A GenAI web app — a customer support assistant, an internal copilot, an “AI feature” inside a SaaS — is a different shape from a local coding agent. It serves many users at once, each session has different scope, and the security boundary needs to enforce per-tenant rules without becoming a bottleneck.

This guide shows how to put such an app behind OpenFirma. It builds on every other guide; cross-links are inline. The example app: a multi-tenant assistant where each user has their own session and the app calls OpenAI and a vendor SaaS on their behalf.

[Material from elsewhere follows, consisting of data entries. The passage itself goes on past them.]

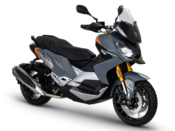 XP400 GT nabízí unikátně stylizovanou verzi. Díky kouřově zbarvenému plexi štítu, high-endovému odpružení a ostře řezanými liniemi XP400 zosobňuje sílu a dynamiku, tolik důležitou pro tento segment. Drátová kola jsou obutá do Pirreli pneumatik o rozměrech 110/70-17 vpředu a 160/60-15 vzadu, což zaručuje ještě větší přiblížení ke klasickým motocyklům. Lehce off-roadový vzorek nepochybně podtrhuje versatilitu tohoto modelu.
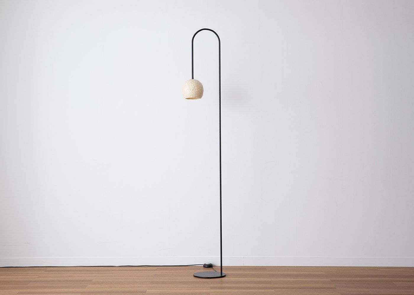 表情豊かな落水紙のシェードから漏れるぼんやりとした柔らかい灯りが、お部屋をやさしく照らします。光が宙に浮いているかのような不思議なフロアーランプです。(写真は電球ON)
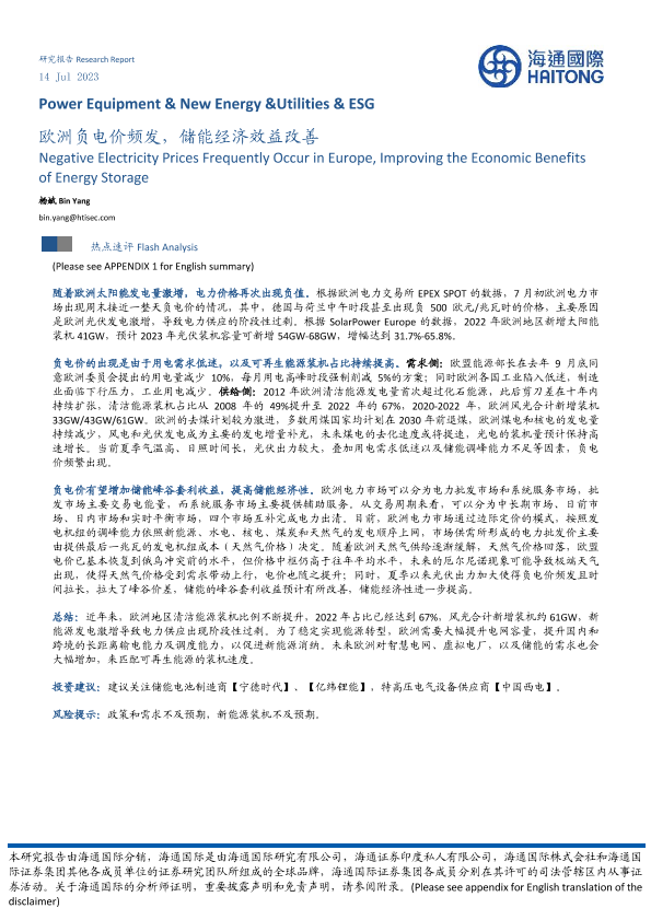 【海通国际】【20230714】欧洲负电价频发,储能经济效益改善-10页
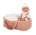 Realistiškas kūdikėlis, sukurtas kasdieniams vaidmenų žaidimams ir rūpestingumo ugdymui. Ši žaislinė lėlė mergaitė su išraiškingomis akimis aprengta derančiais rausvais ir baltais drabužėliais, guli rausvoje nešyklėje ir turi čiulptuką. Lankstomos rankos ir kojos leidžia lengvai sodinti, statyti ir keisti pozas, todėl lėlytę patogu aprengti ir integruoti į įvairius žaidimus.

┌──────────────────┐ ┌─────────────────────────┐
│ HTTPS clients │──── HTTPS ────►│ Web app (Node/Py/Go) │
└──────────────────┘ │ issues per-session │
│ capabilities, makes │
│ outbound LLM calls │
└────────┬────────────────┘
│ HTTP_PROXY=...
┌─────────────────────────┐
│ Sidecar │ ◄── per-pod or per-host
│ (enforcement + inject) │
└────────┬────────────────┘
├──► api.openai.com (allowed)
├──► api.acme-vendor.com (allowed)
└──X paste.rs (denied)
┌─────────────────────────┐
│ Authority │ ◄── shared by all Sidecars
│ (issuance + bundles) │
└─────────────────────────┘

Three deployment shapes for the Sidecar:

  • Per-pod sidecar (Kubernetes / containers). Standard sidecar pattern: each app pod has a Sidecar container, the app talks to it over loopback. Right for production — strong tenant isolation, easy to scale horizontally.
  • Per-host daemon (VM / bare metal). One Sidecar per host, all app processes on the host route through it. Right for simpler topologies.
  • Embedded (gRPC interceptor mode). Sidecar in-process with the app via the gRPC interceptor. Right when you control the app’s HTTP client and want zero proxy footprint.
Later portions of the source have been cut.